Bella Vista Babelfish: Tower » Artificial Intelligence

Home » xyzzy » Tower » Artificial Intelligence (a brief introduction)

Show: Today's Messages :: Polls :: Message Navigator
E-mail to friend

Artificial Intelligence [message #88840]

Sun, 01 October 2023 17:59

Wayne Parham
Messages: 17
Registered: December 2000

Chancellor

I was a boy in the 1960s, and watched the first moon landing on television. The Apollo spaceship didn't have warp drive like the Enterprise from the Star Trek television series I loved, but the moon landing had the benefit of being a non-fiction, real-life actual event. Those were incredible times.

And becoming a teenager in the 1970s was just as exciting. I was too young to appreciate the difficulties of the economy - probably America's first difficult time since WWII - but I was not too young to appreciate the excitements of advances in electronics and computer technologies. It was the perfect time for a boy like me to come of age, because I was able to afford one of the first kinds of computers that most anyone could own, a microcomputer. My first one was a Synertek System's Sym-1, which was a fairly competent machine with a BASIC interpreter in ROM and enough memory to write simple programs. It also has a lot of digital I/O lines, which made it a perfect system for robotics, which I loved.

In 1976, the first Star Wars movie came out. I loved the robots, and thought to myself, I could build R2-D2. Easy to build, really, pretty much just a platform with the Sym-1 for a brain, two stepper-motors to drive two wheels and a trailing passive castor wheel for a third. The June '77 issue of Byte Magazine had an article about a similar robot called NEWT that had a camera for input, and could recognize a wall socket to plug itself into when low on batteries. All super cool and so do-able. The software was rules-based, an importance-rated hierarchy of status and environmental possibilities and appropriate responses. I even designed a miniature version with reduced capabilities that I considered selling as a toy.

A few things happened around that same time that had a large influence upon me. First was Douglas Hofstadter's book, "Gödel, Escher, Bach." That was both inspirational and philosophical, and I loved some parts and hated others but it definitely made an impact, especially "Ant Fugue." Another was learning about neural networks and seeing Marvin Minsky's Artificial Intelligence lab at MIT.

Sadly, my first introduction to neural networks was at a time they were being somewhat dismissed but within a few years, new approaches were being discussed like a methodology called subsumption architecture and improved multi-layered neural networks using backpropagation for training. Those both caught my attention.
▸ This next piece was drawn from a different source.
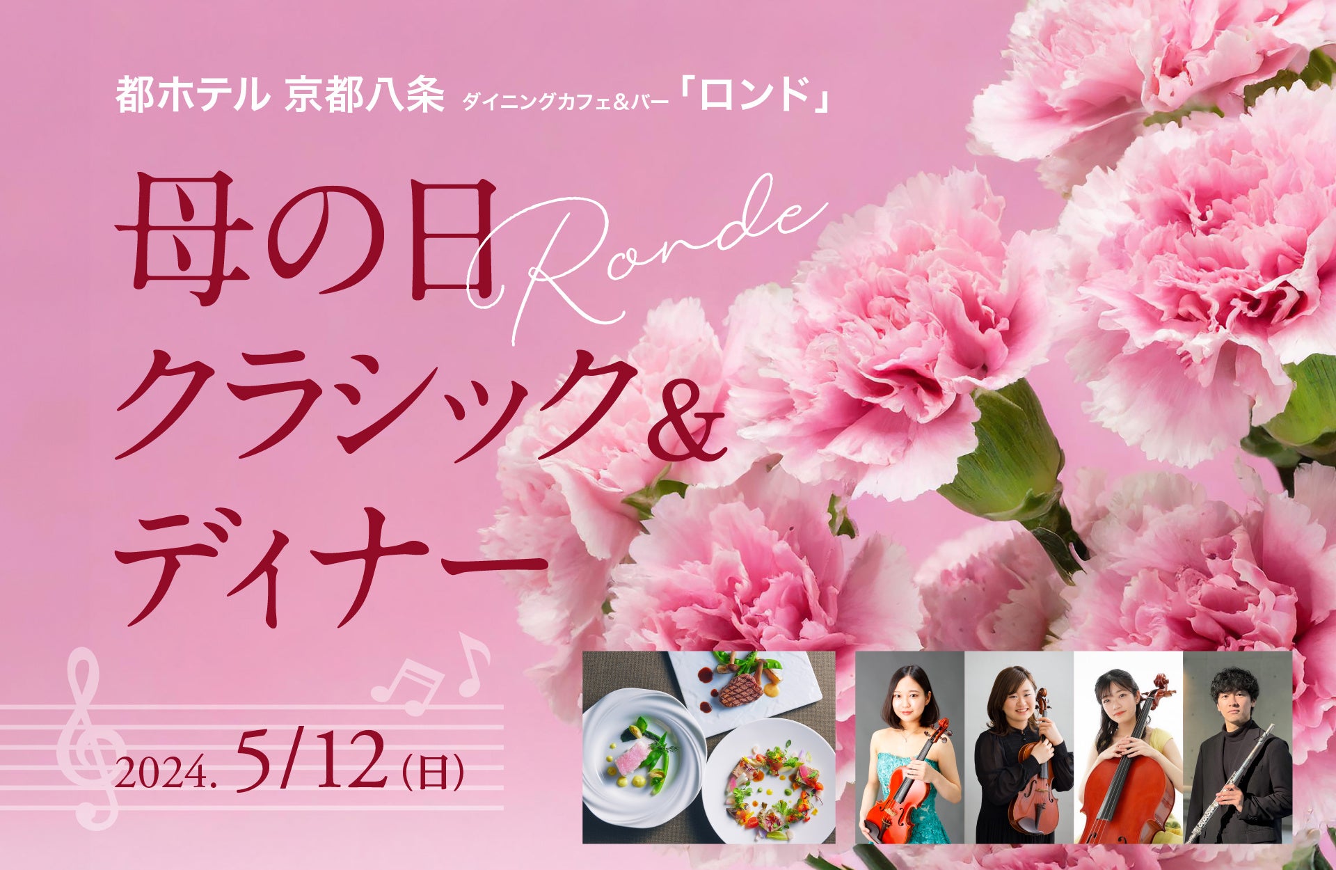 都ホテル 京都⼋条(所在地:京都市南区⻄九条院町17)は、2024年5⽉12日(日)の母の日に、ダイニングカフェ&バー「ロンド」にて『母の日 クラシック&ディナー』を開催します。京都市立芸術大学音楽学部の学生によるクラシックの生演奏と、この日のためにロンドシェフ益が腕によりをかけたスペシャルディナーをお楽しみいただける一夜限りのイベントです。大切なお母さまへの日頃の愛と感謝とともに、一緒に素敵な時間を過ごされてみてはいかがでしょうか
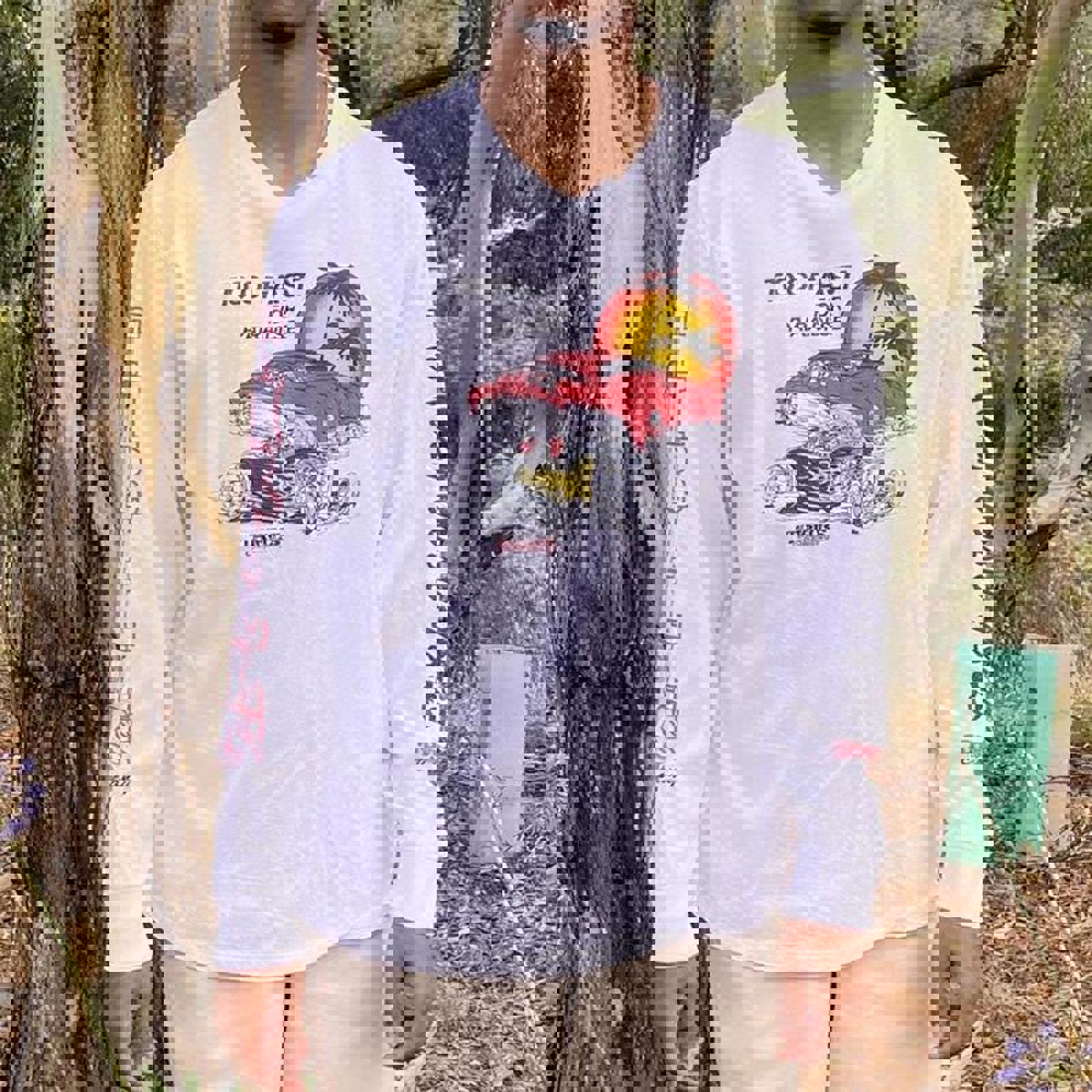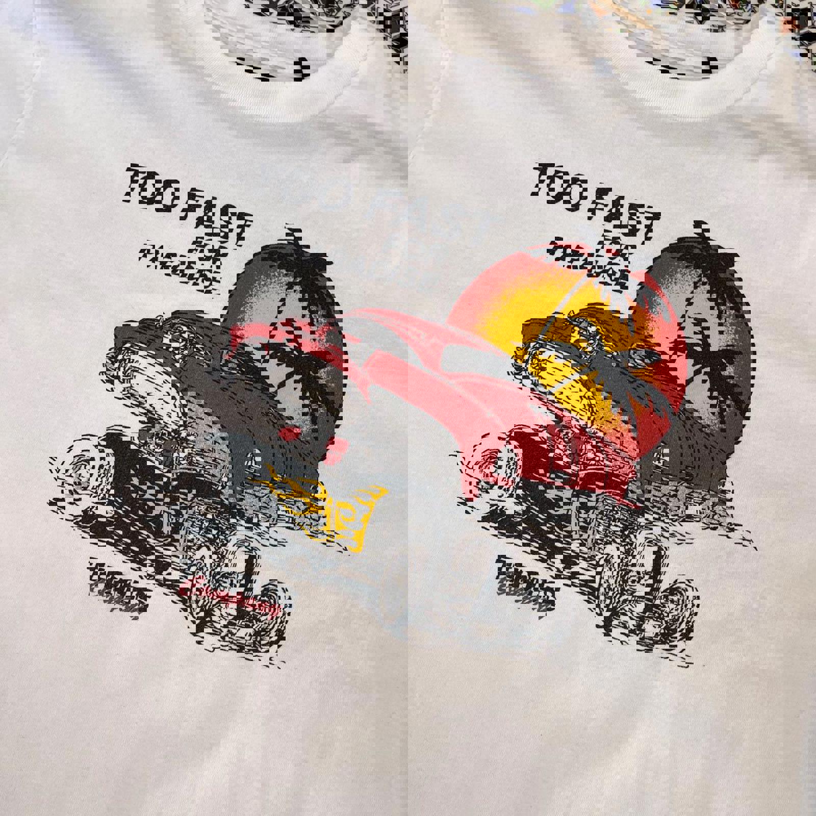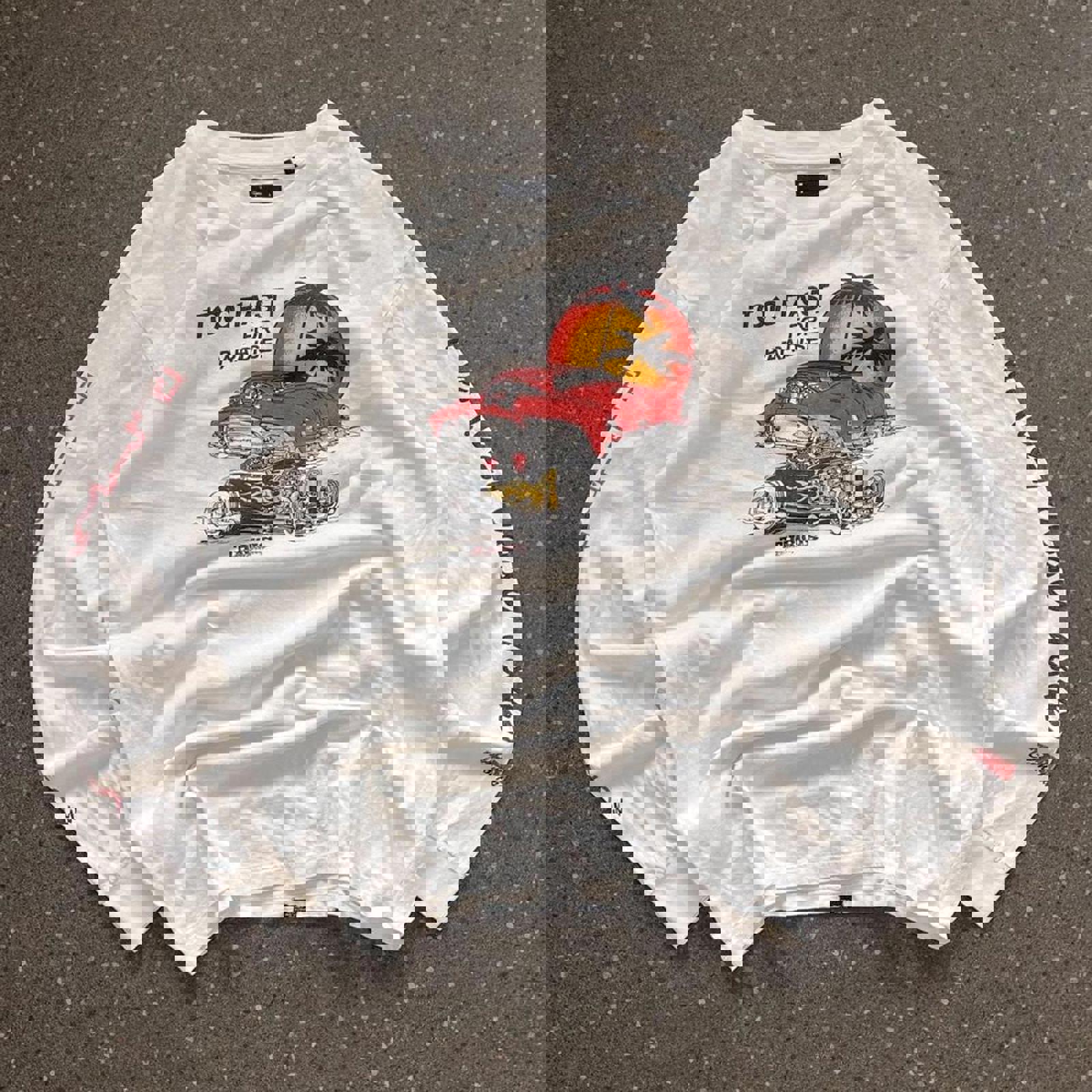 White thrills surf long sleeve tshirt with a red yellow and black hot rod graphic on the front and other black graphics on the sleeves

Rules-based software is probably the most common form of machine intelligence, and it's called "symbolic artificial intelligence." Most software - really, whether it is supposed to be "artificial intelligence" or not - is a set of rules codified in a computer program. That's what the software in a general purpose computer does: It takes input of some kind, then makes some decisions based on the input and takes actions. These inputs can be from sensors and actions can be made by motor movements. Or the inputs can be from a keyboard and the action can be to display images on a screen.

One popular type of artificial intelligence program is called an "expert system," which uses a series of rules to suggest possibilities in a particular field that replicate what an expert specialist in that field might suggest. At its core is database or "knowledge base" and a rules engine, sometimes also called an inference engine.

There's another kind of machine intelligence called "sub-symbolic artificial intelligence" that has been a little more controversial over the years. It is the one I'm most fascinated by because it is essentially built with logic circuits that most closely emulate neurons in the human (and other animals) brains and nervous systems. Systems with these simulated neurons are called "neural networks." This approach has been around as long as symbolic AI, but it has come and gone in popularity over the years.

You can visualize the difference between symbolic and sub-symbolic systems using an analog of your own mental processes. When you think a conscious thought - perhaps balancing your checkbook or writing a document - you are using symbolic processing. Your thoughts are like an internal dialog of instructions, plans of something you intend to do. You carry those plans out mentally, taking some actions or making mental notes of what to do next. All of those instructions can be "accessed" - you can describe the process verbally or you can write it down.

On the other hand, when you form a habit or when you practice something physical, you are using sub-symbolic processing. You aren't so much thinking about what you need to do, but are rather "just doing it." You are practicing the task you need to perform, improving with each attempt. The things you "learn" are subtle, minute corrections. It's not so easy to describe the process or the ways you have improved. In fact, you do not know exactly what corrections you have made. You just seem to get better with practice.

This is very much the same way these kinds of machine intelligence systems are codified. Symbolic systems are essentially rules based and the rules can be easily recorded, modified and described. Sub-symbolic systems are iteratively trained, with minute corrections made after each iteration. The resulting state is a little less easy to quantify or to modify in a deterministic fashion. You can continually train a neural network - and you can record its entire state - but it isn't as easy to describe like you would a set of rules.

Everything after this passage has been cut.